The poor quality of the unconverted pitch (for example, high metals and sulfur contents) makes it almost impossible to be used as a fuel unless it is blended with other streams.
Catalyst particle size must be strictly designed to achieve excellent dispersion conditions in order to obtain a high level of conversion.
SPR has to be carefully designed to maintain a mixed three-phase slurry of heavy oil, fine power catalyst, and hydrogen, and to promote effective contact.

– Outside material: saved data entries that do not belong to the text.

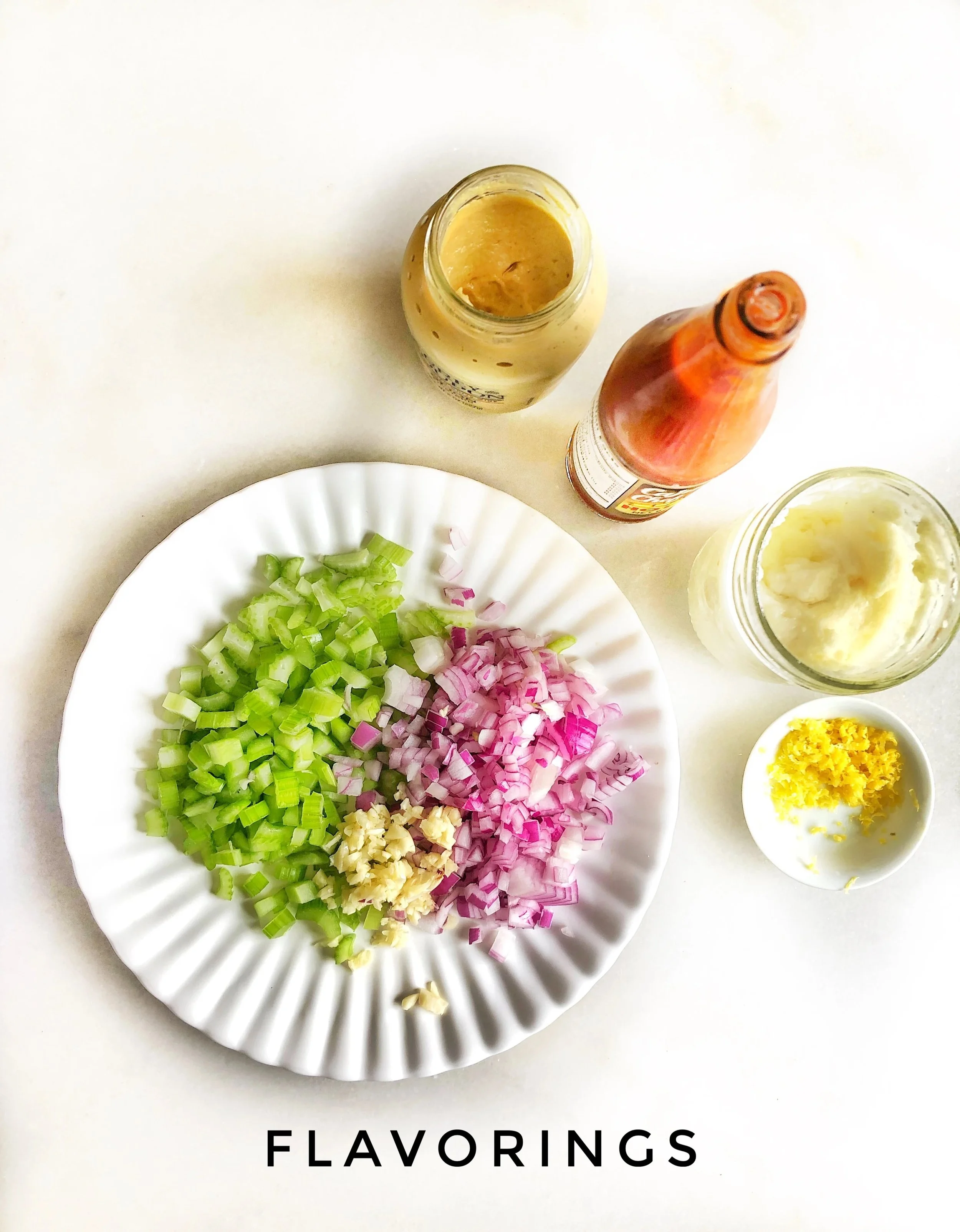 1/2 cup toum (garlic paste) or a good quality mayonnaise then add 2 minced garlic cloves. If your fish is still dry and doesn't hold its shape add more 1 tbls at a time
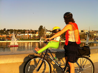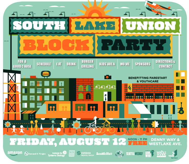 This Friday I hit my stride. I needed to be at work early and I had a long day ahead of me. It was a gray morning and that didn't even bother me. Even so, I found myself prioritizing the bike commute. I did not consider driving the car a good option. I am really getting a lot out of riding my bike: the exercise, fun times with my son, and discovering new things in the neighborhood. There is an annual South Lake Union Block Party and every year I try to go, and every year I forget. On my ride, I saw volunteers setting up for the block party and this is the first year I made it to the party!
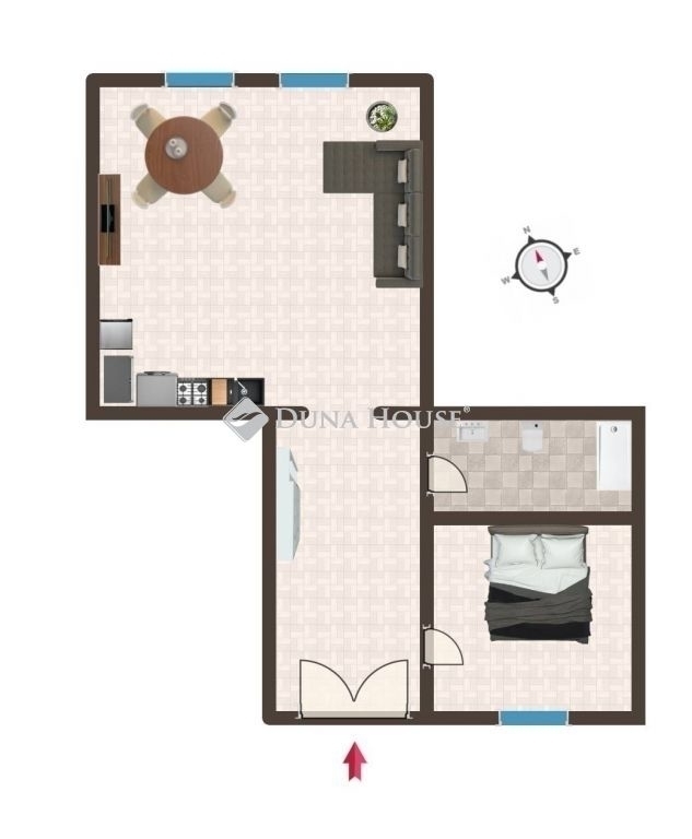 Kiváló elrendezés: Tágas, amerikai konyhás nappali Külön nyíló hálószoba Nagyméretű, ízléses fürdőszoba villanybojlerrel
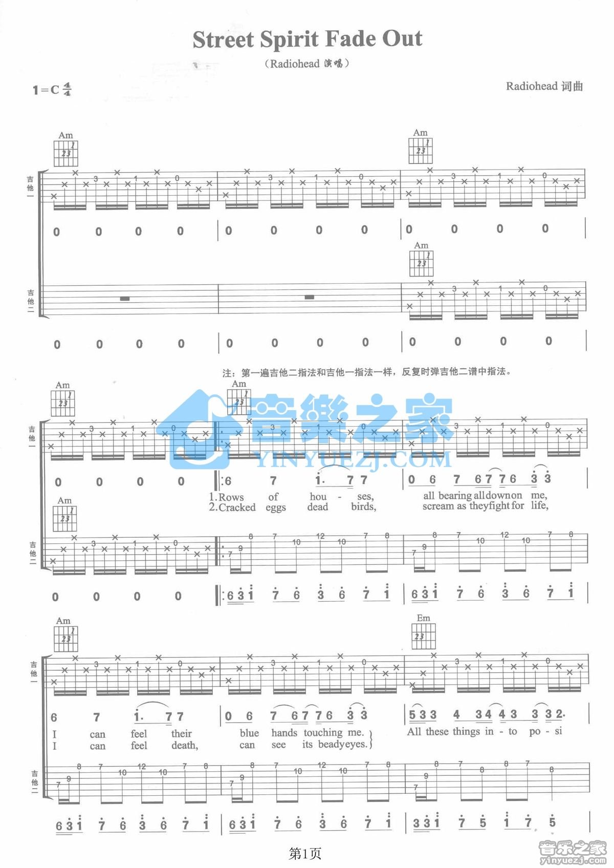 C调双吉他版Radiohead《StreetSpirit》吉他弹唱六线谱...
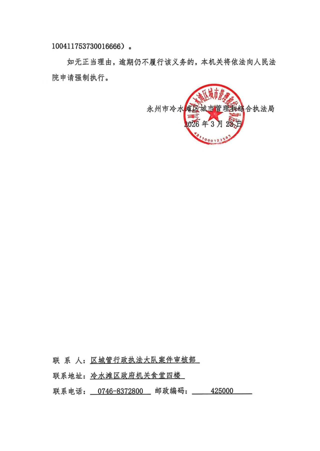 永州市冷水滩区城市管理和综合执法局《行政决定履行催告书》(冷城管决催字〔2026〕1号)送达公告
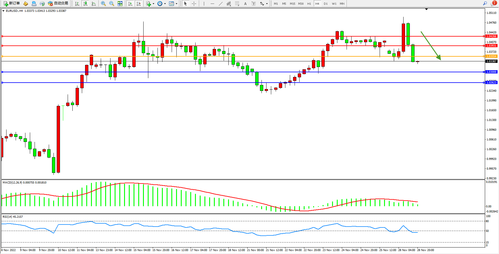 交易策略:1.03554下方看跌,目标1.03000、1.02623
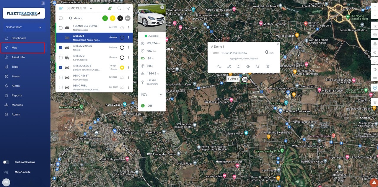 The Map page is the default page on login. This is where you do all your basic monitoring of vehicle positions and statuses. From this page you can select assets. This centers and zooms the screen to show the unit in detail with an asset bubble showing all current info. From this asset bubble you can click the links to zoom further, go to asset info, and trip replay. In the top right corner you will also find the controls for map zoom+ -, map layers, zone creation, and a measuring tool.
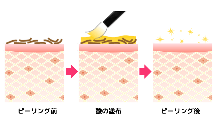 ピーリングは、酸性の薬剤を皮膚に塗布することで、古くなった角質層を化学的に溶解・除去する仕組みで作用します。
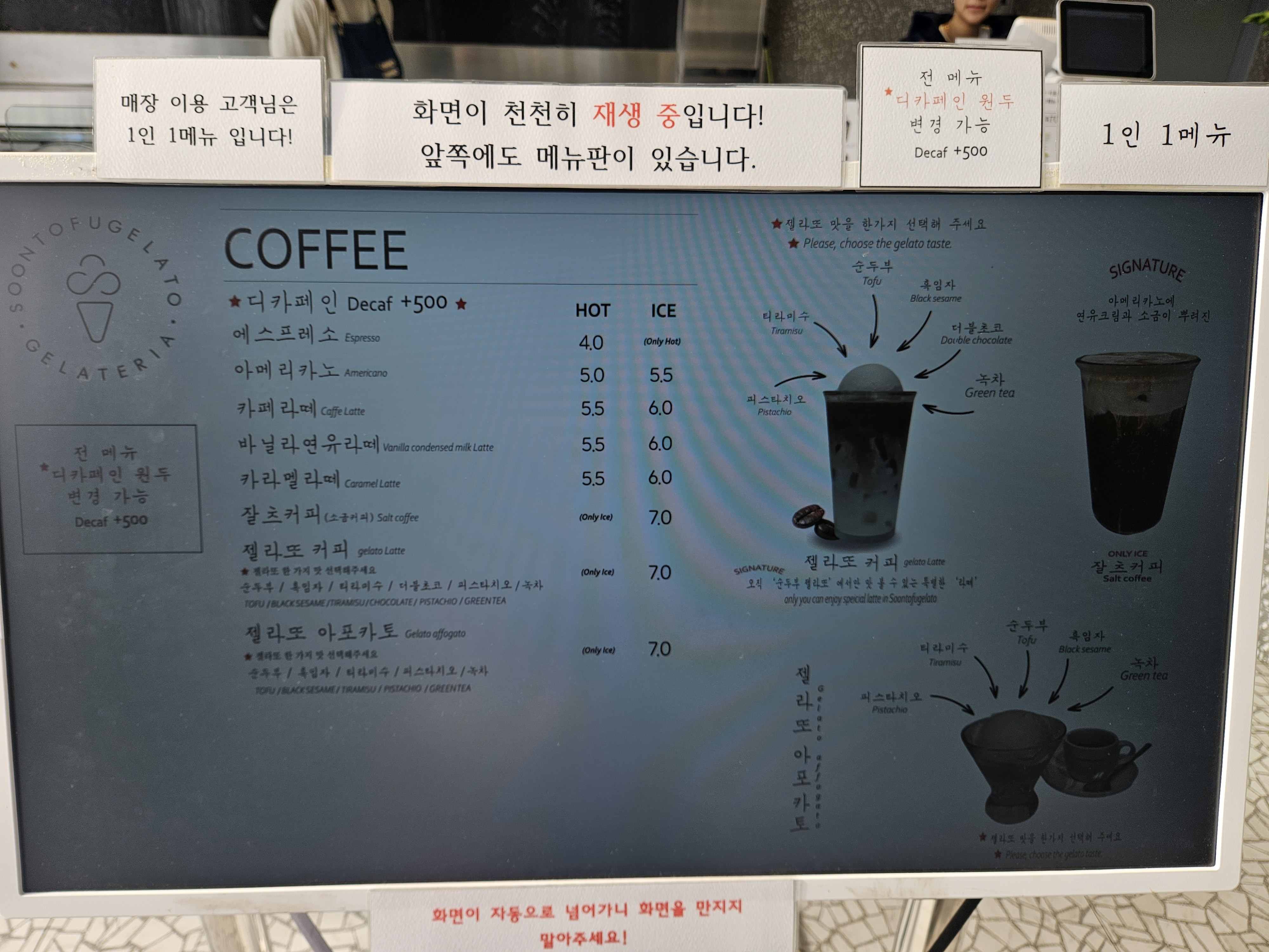 젤라또는 1컵당 1 스쿱씩이라 아쉬움. 맛을 2 ~ 3가지 선택 가능하면 혼자 가더라도 다양하게 먹을 수 있어 좋은데 1컵당 1 스쿱이라 나는 대부분 한라녹차로 주문하게 된다.
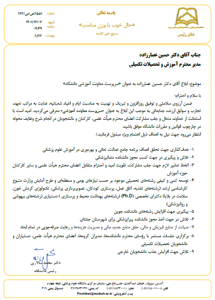 با حکم رئیس دانشگاه علوم پزشکی سبزوار سرپرست معاونت آموزشی دانشگاه منصوب شد.
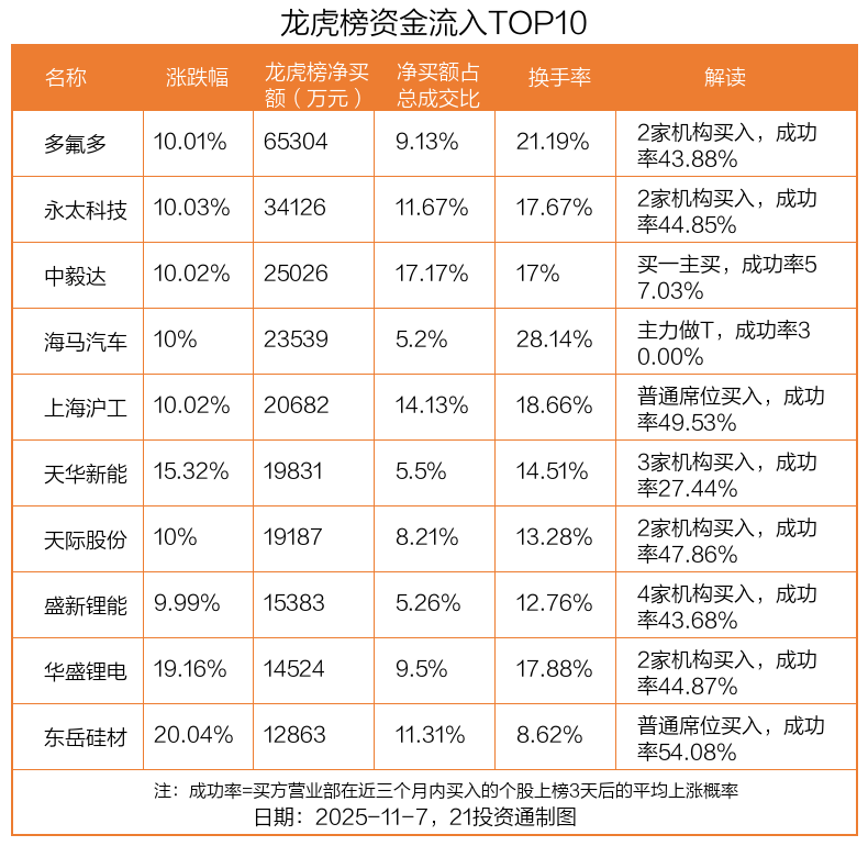 11月7日,上证指数下跌0.25%,深证成指下跌0.36%,创业板指下跌0.51%。盘后龙虎榜数据显示,共有53只个股因当日异动登上龙虎榜,资金净流入最多的是多氟多(002407.SZ),达6.53亿元。
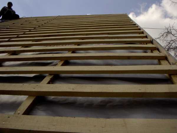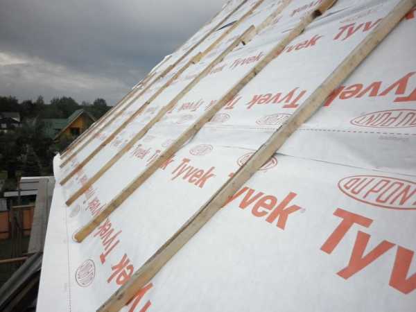 Первым слоем на стропила укладывается специальный пароизоляционный материал, который достаточно тонкий и его крепление производится при помощи степлера. Образовавшиеся швы нужно проклеить строительным скотчем.

The effectiveness of the hydroprocessing SPR is highly dependent upon catalyst selection since a slurry catalyst with poor activity will result in coke formation and a biphasic, incompatible product. That means that before commercial use a slurry catalyst has to be subject to different coke suppression and product compatibility tests, among others. Problems of product stability can be prevented by the use of more active catalysts in higher concentrations.
The inexpensive additives, for instance, Fe-based compounds, or carbonaceous material to control coke formation, show very low activity toward hydrogenation reactions compared with transition metals (molybdenum, nickel, and so on). These low-cost materials can be used in a once-through mode. However, very high hydrogen pressures are necessary to compensate for the scarce catalytic performance. These restrictions have limited the commercialization of hydroprocessing SPR due to the high investment, operating costs, and severity of the process.
SPR-based hydroprocessing technologies are still on a demonstration scale, and the system has to be demonstrated at a larger scale for refiners to consider this a commercially competitive alternative.